Key members of Congress have expressed serious concerns that the administration failed to inform them in advance of the Bergdahl exchange.

On Sunday, the leaders of the intelligence committees in both chambers, Sen. Dianne Feinstein of California and Rep. Mike Rogers of Michigan, raised the question of why the administration had backed away from a goal enunciated in 2011: to make the Bergdahl deal the first step in a broader, behind-the-scenes effort to reach a reconciliation agreement with the Taliban.
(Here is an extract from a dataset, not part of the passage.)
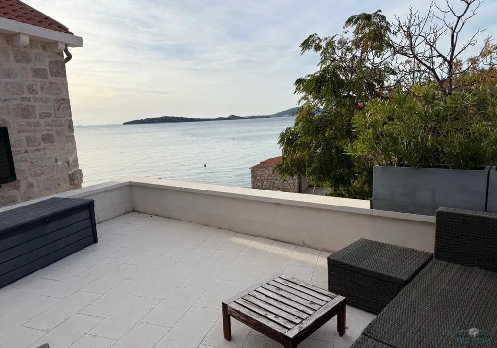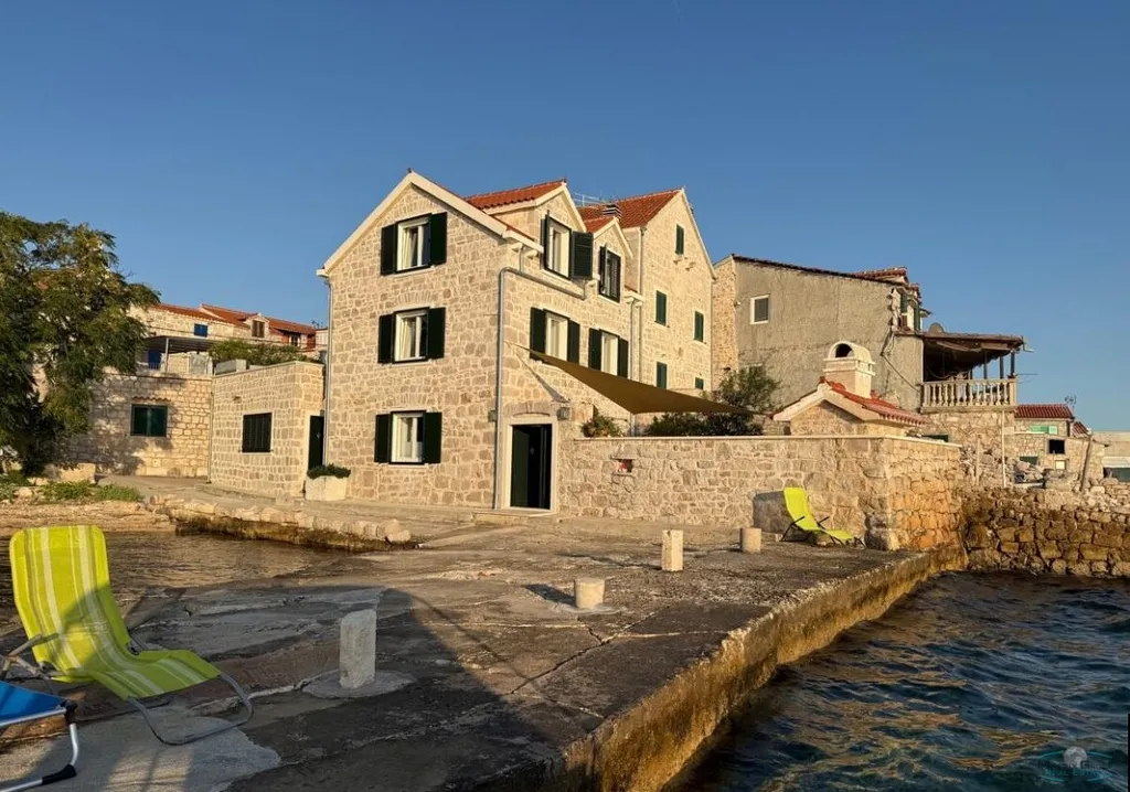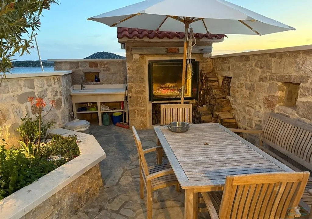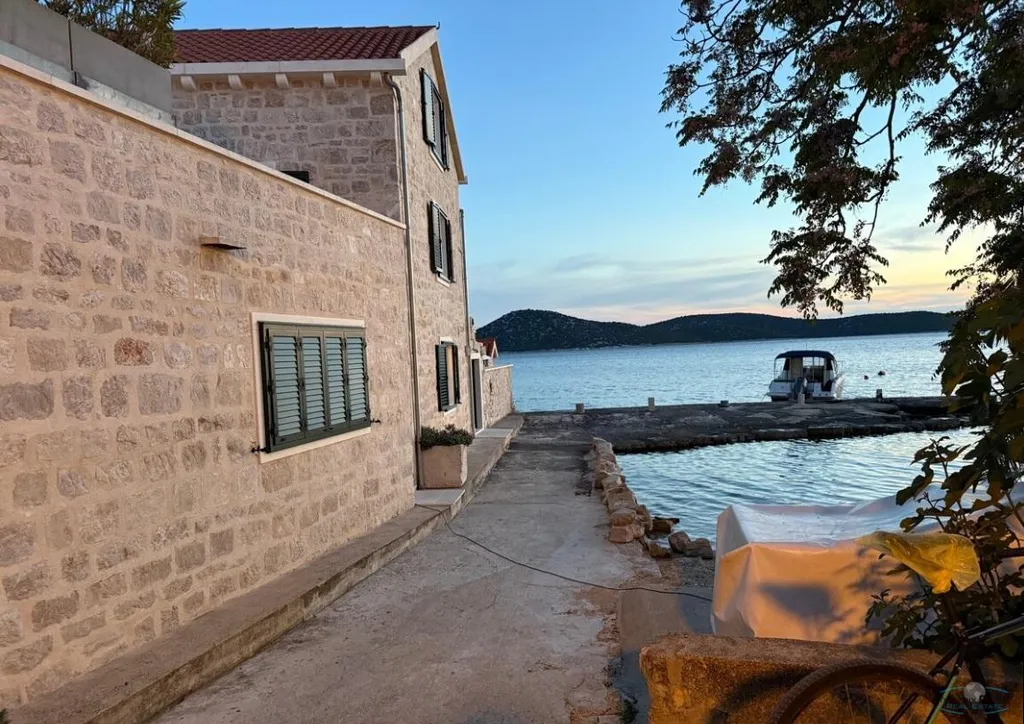 Nabízíme k prodeji nově zrekonstruovaný kamenný dům v Chorvatsku, na jižní straně ostrova Prvič, v městečku Šepurine, v první linii u moře, spolu s olivovníkovou zahradou 1200m2 a kamenou chatou a grilem, vzdálenou 500m od domu na vrcholu kopce s překrásnými výhledy na obě strany ostrova, včetně elektrického auta TORO WORKMAN. V přízemí kuchyně s krbem a wc, prosklená otevíraci stěna do dvora s grilem, 2.NP ložnice s koupelnou, 3.NP velká ložnice s koupelnou. 1.NP studiový apartmán s kuchyní a koupelnou s vlastním vchodem, veliká terasa s výhledem na moře. Mooring pro loď u domu.

Feinstein, a Democrat, also said that she found it hard to accept Kerry's assurances that the Taliban members could be kept securely in Doha, the capital of Qatar. Previous negotiations, she said, had included a requirement for the house arrest of the five, in contrast to the current arrangement, which reportedly will allow them to move about the country.

"You can't help but worry about them in Doha," she said on CBS' Face the Nation. "And we have no information on how the United States is actually going to see that they remain in Doha, that they make no comments, that they do no agitation.

"It's hard to be comfortable when you really haven't been briefed on the intricacies of carrying out this agreement."

Bergdahl, who remains at an Army medical center in Landstuhl, Germany, has told medical officials that his former captors locked him in a metal cage in darkness for weeks at a time as punishment for trying to escape. A U.S. defense official declined to confirm that account.

Feinstein said she had heard rumors of Bergdahl trying to escape his captivity, though she said she had never heard of any allegations of torture.

Rogers, a Republican, said that he was convinced that at least three of the Taliban members, and perhaps all five, would try to return to the battlefield. In the meantime, he said on ABC's This Week, they can meet in Qatar with other Taliban figures, or with visiting family members, and send messages by courier to Afghanistan or Pakistan.

Rogers said he did not expect the five to plan anything "operational," that is, to plan attacks. But he said the conditions of their time in Qatar would allow them "to prepare for what's next."

Information for this article was contributed by Brian Knowlton of The New York Times and by David Lerman and Greg Giroux of Bloomberg News.